Erskine Hazard (1790-1865), a younger son of the first U.S. Postmaster Ebenezer Hazard, became the partner of Josiah White about 1810 when around 19 years old. White and Hazard together established spearheaded efforts that enabled the Industrial Revolution, the advancement of steam power, and of railroading, creating the infrastructure and business climate to accelerate the Northeast U.S. out of an agrarian society to the industrial power that served as a foundation for the rise of the United States as the world's foremost economic power.

The Partnership
Together they put together the wherewithal to open a foundry and wire drawing plant on the falls of the Schuylkill River near Philadelphia in 1810. Their first reputation establishing event was to build a small suspension bridge across the Schuylkill in order to better demonstrate their factory. When the US President put an embargo in place on Bituminous Coal imports from Great Britain in the tension prior to the War of 1812, the partners moved to secure an anthracite supply, which was a barely known, much misunderstood unexploited commodity at that time. Its discovery was credited to various individuals in widely varying locales by different historians but history speaks more clearly about that find which was first to be regularly commercially exploited, and inspire a revolution in energy use in the young United States.
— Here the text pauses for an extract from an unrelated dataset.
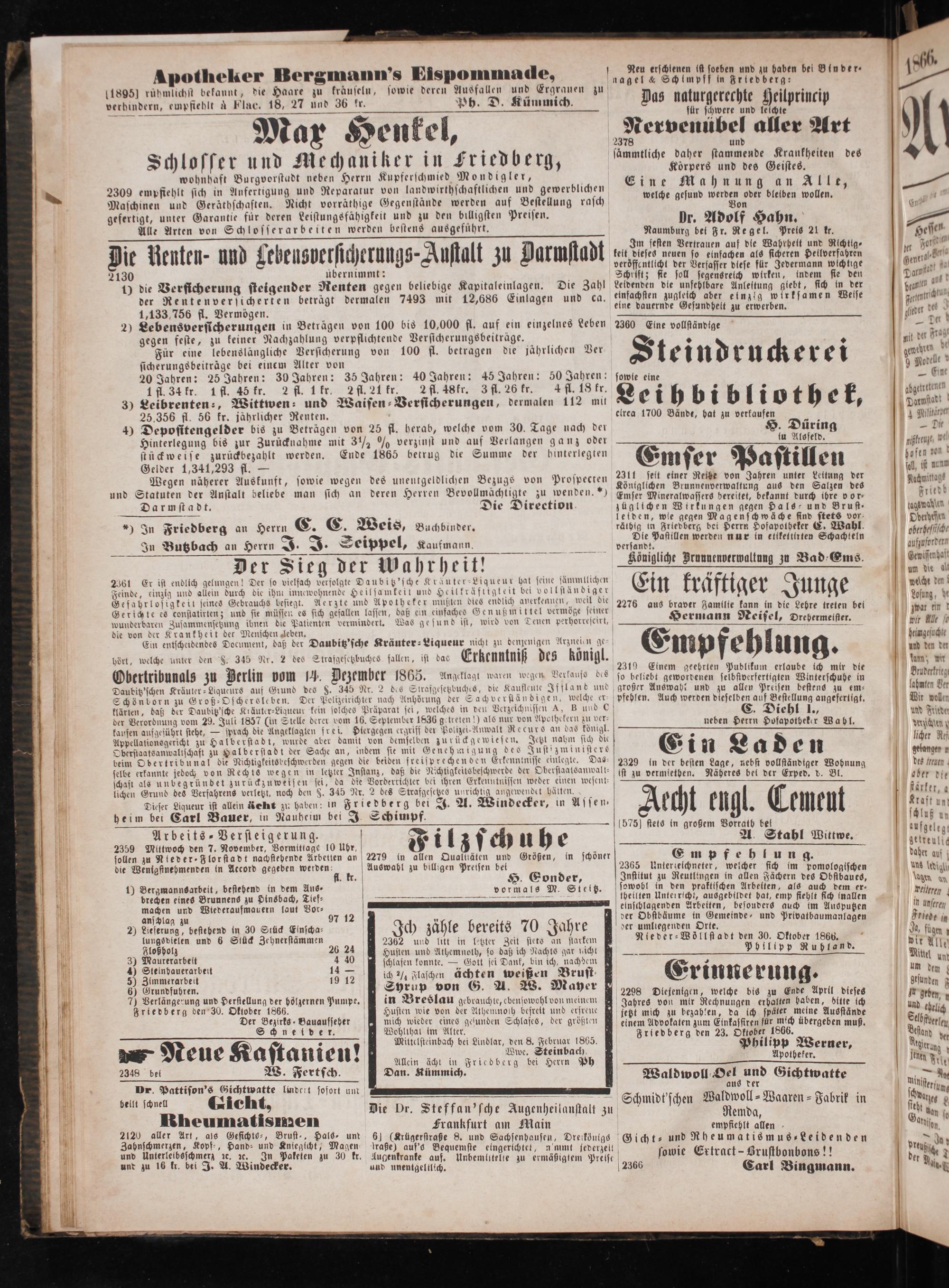 Wegen näherer Auskunft, sowie wegen des unentgeldlichen Bezugs von Prospecten und Statuten der Anstalt deliebe man sich an deren Herren Bevollmächtigte zu wenden.“) Darmstadt. Die Direction.

It was the outcrop stumbled over by the hunter Philip Ginter in 1791 that lead to the Lehigh Coal Mining Company (LCMC, 1792), then in 1818, the Lehigh Coal Company and the Lehigh Navigation Company a few months afterwards. White and Hazard were principals in both.

Pioneering
Educated as a geographer and surveyor Hazard would complement White's mechanical innovations with resourceful use of given landforms and the two would go on together to found what is arguably the most influential company of the first half of the 19th century, the Lehigh Coal & Navigation Company, build the Lehigh Canal, the Ashley Planes, the Lehigh and Susquehanna Railroad, and a half-dozen other subsidiary railroads and industries, most of which would last into the 1960s. They also had a major role in inspiring the use by others of the hard to burn 'rock coal', anthracite—initially only in industrial processes, and together brought about the opening up of a trickle in supply brought into Philadelphia along the Schuylkill River valley.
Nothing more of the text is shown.